Hyman Heller, Doing Business under the Firm Name of Hyman Heller & Company, Appellant, v. Sam Levinson, Respondent.
    First Bepartment,
    March 12, 1915.
    Process—personal service of summons.
    The object of process is to apprise the party served of the proceeding against him so that he may have an opportunity to defend.
    A summons is properly served where, on the defendant’s refusal to receive it, it was placed in his pocket by the server to the knowledge of the defendant, who then said that it was “ all right.”
    Appeal by the plaintiff, Hyman Heller, from an order of the Supreme Court, made at the New York Special Term and entered in the office of the clerk of the county of New York on the 17th day of December, 1914, confirming the report of a referee and vacating a judgment herein.
    
      Benjamin Frindel, for the appellant.
    
      Louis B. Boudin, for the respondent.
   Hotchkiss, J.:

A judgment having been taken herein by default, the defendant moved to set it aside and open his default on the ground that the summons and complaint had never been served upon him. The court appointed a referee to take testimony and report his conclusions. From the order confirming said report this appeal is taken.
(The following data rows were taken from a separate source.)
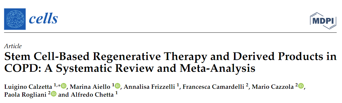 2022年5日,《細胞》雜志上發(fā)布了一篇標題為“基于干細胞的再生療法及其衍生產品在慢性阻塞性肺病 (COPD) 中的系統(tǒng)評價和薈萃分析”的研究。這項研究綜合評估了11個相關研究,并匯集了總計371名COPD患者的數據進行分析。
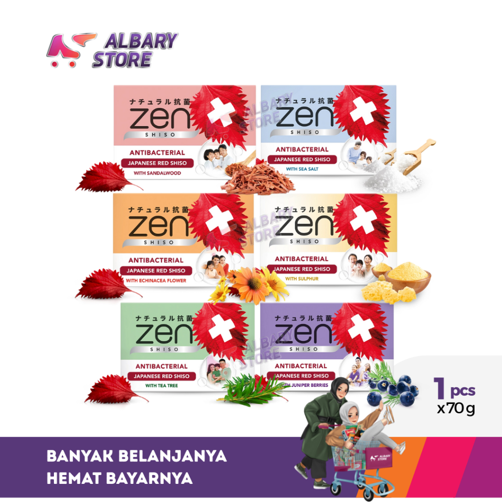 ZEN Antibacterial Body Bar Soap Japanese Red Chiso 70g | Sabun Mandi | Sabun Batang | Sandalwood | Sea Salt | Tea Tree | Sulphur | Echinacea Flower | Juniper Berris
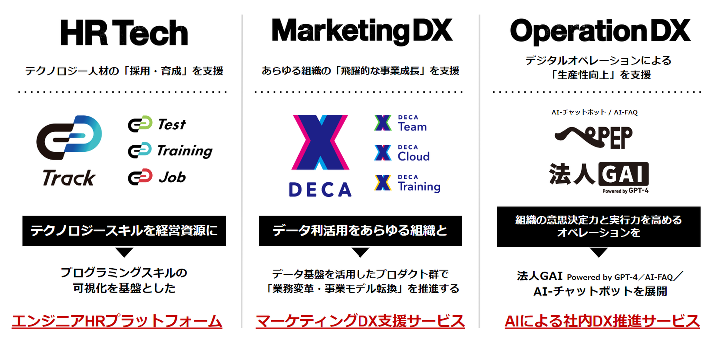 ギブリーでは「HR」「レベニュー」「コスト」の3領域で、“デジタル化促進”に寄与する事業を展開しています
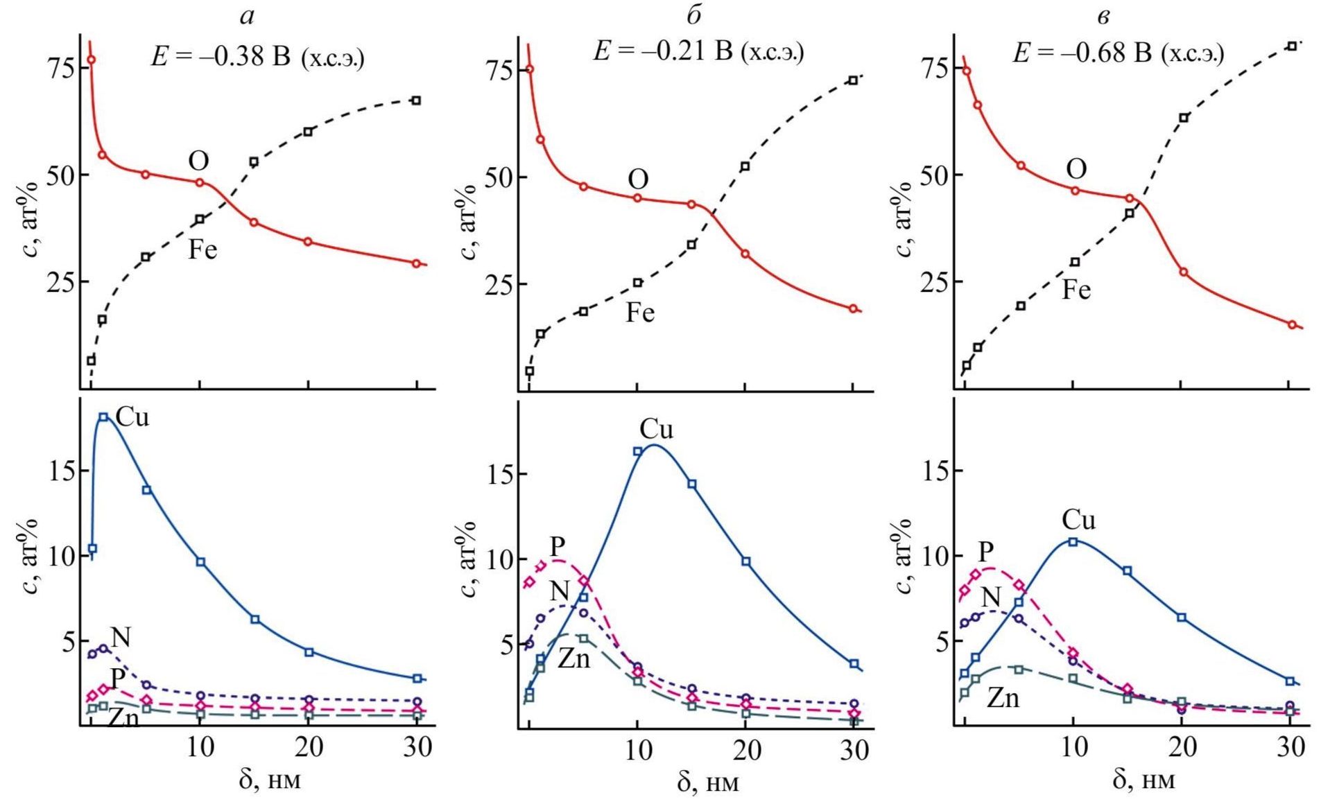 В области катодной петли пассивации [–0.35 В (х.с.э.)] заметное количество компонентов ингибитора (и Cu) присутствует только в тонком (0–10 нм) поверхностном слое металла (рис. 9). Метод послойного травления не позволяет определить окислительное состояние большинства элементов, 5 так как их соединения разрушаются при бомбардировке ионами Ar+. Однако сопоставление со спектрами поверхностного слоя на рис. 6, в, 7, в и 8, в (кривые 3) показывает, что железо в поверхностном слое присутствует как в состоянии Fe0, так и в оксидах и гидроксидах в состояниях Fe2+ и Fe3+, медь представлена состояниями как Cu0, так и Cu2+, а фосфор присутствует как в исходном комплексе, так и в продукте его реакции с ионами Fe2+ — комплексе [Zn1/2Fe1/2(H2O)3NH(CH2PO3H)3] [1]. С повышением потенциала образца до +0.21 В (х.с.э.) максимум содержания меди смещается в область глубины 5–15 нм; при этом на поверхности содержание меди резко убывает (ср. с кривой 4 на рис. 6, в). Напротив, N, P и Zn присутствуют преимущественно в поверхностном слое (0–10 нм), формируя защитный слой, а содержание Fe в этом слое снижается. При потенциале +0.68 В (х.с.э.), который соответствует наименьшей плотности тока анодного растворения металла в пассивной области при концентрации ингибитора 1.0 ммоль·дм–3 (рис. 1, в), общая структура поверхностного слоя сохраняется. Содержание меди снижается, а в поверхностном слое присутствуют N, P и Zn — компоненты комплекса [Zn1/2Fe1/2(H2O)3NH(CH2PO3H)3]. Резкое падение концентрации кислорода на глубине 16–18 нм свидетельствует о плотности и непроницаемости пассивной пленки, сформированной на поверхности стали.
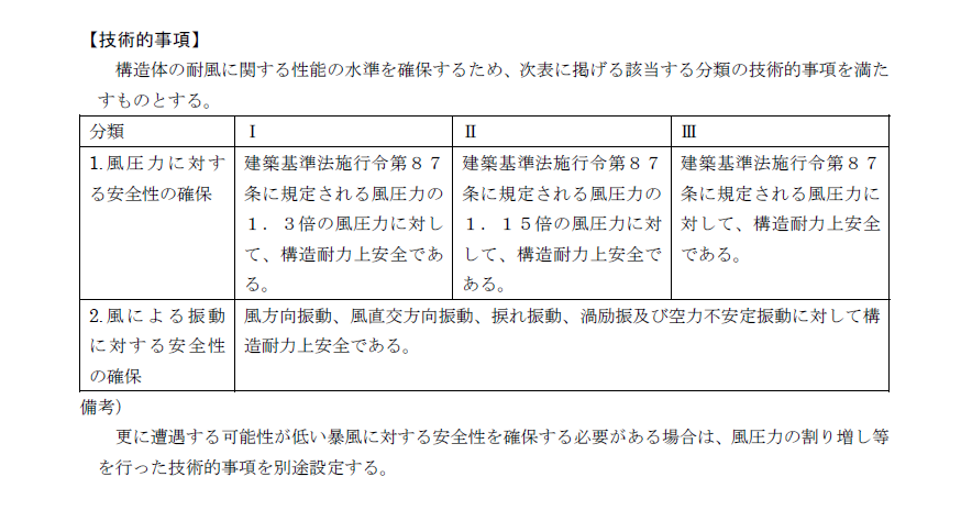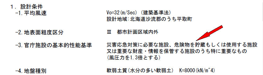 施設の用途により風圧力を増加して検討
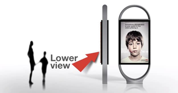 Although this use of lenticular printing is brilliant, I can’t help but wonder if children will be afraid that the adult saw them looking at the sign since the children won’t realize that the adult can’t see what they see, if that makes sense. Also, what about children that are too young to read? Either way, I hope this particular sign helps some abused children in the part of Spain where it is located. I can suddenly think of all kinds of other ways marketers might use lenticular printing technology…
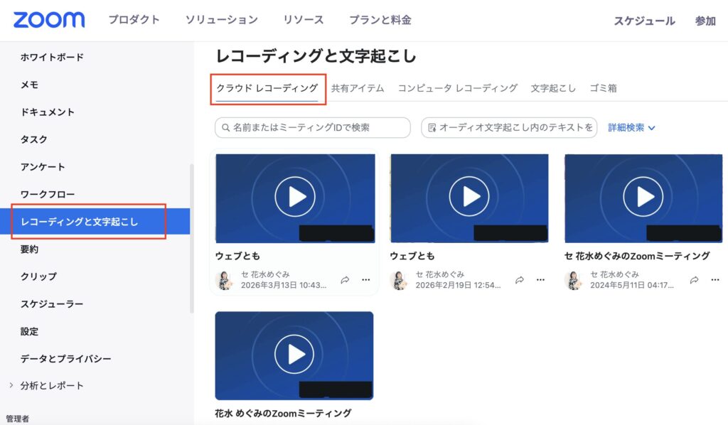 有料プラン(Pro以上)で「クラウドにレコーディング」を選択した場合や、

The alleged service was made by a person who testified that he knew the defendant and that the circumstances of the service were as follows : “I says, ‘How are you Mr. Levinson,’' and he says, ‘All right,’ and I says, ‘I got a little paper for you.’ And he said, ‘I don’t want it,’ and he started to walk away * * *, and as he did so, I pushed it in his outside pocket, and I says, ‘is it all right?’ and he said, ‘It’s all right.’” The referee held that service, if made as described, was ineffectual because the nature of the papers was not disclosed to defendant nor was he in any way informed that service of process was intended or that the paper had in fact been put into his pocket. This view was adopted by the court below. I think this was error. As was said by Judge Earl in Hiller v. B. & M. R. R. R. Co. (70 N. Y. 223, 227): “The object of all service of process is said to be to give notice to the party on whom service is made, that he may be aware of and may resist what is sought of him, and it is a general rule that any service must be deemed sufficient which renders it reasonably probable that the party proceeded against will be apprised of what is going on against him, and have an opportunity to defend.” This common-sense rule has been adopted in a number of cases, and wherever service by means other than personal delivery has been held ineffectual, it has been because the circumstances were such as to show that the defendant did not come into actual possession of the papers and that his attention was not drawn to their character, or that he had not willfully ignored them and refused to ascertain their nature for the purpose of evading service. In the present case, if the papers were placed in the defendant’s pocket, and particularly if such a conversation with reference to them took place as testified to, the service was as effectual as if the papers had been handed to and retained by defendant and their nature fully explained to him. It is not to be presumed that after the papers had been placed in his pocket and that fact acknowledged by him, he subsequently failed to ascertain their contents.

The defendant claimed that no service whatever had been made and attempted to prove an alibi, but I think the preponderance of proof shows that service was in fact made.

The order appealed from should be reversed and the judgment reinstated, with ten dollars costs and disbursements of this appeal, together with ten dollars costs on the motion below to vacate the judgment and such sums as the plaintiff was obliged to pay as part of the expenses of the reference, with leave to defendant to apply at Special Term to open his default and answer, on showing merits and on payment of all costs awarded by this order.

Clarke, Laughlin, Soott and Dowling, JJ., concurred.

Order reversed, with ten dollars costs and disbursements, together with ten dollars costs on motion to vacate judgment and such sums as plaintiff was obliged to pay as part of the expenses of the reference, and judgment reinstated, with leave to defendant to apply at Special Term to open his default as stated in opinion. Order to be settled on notice.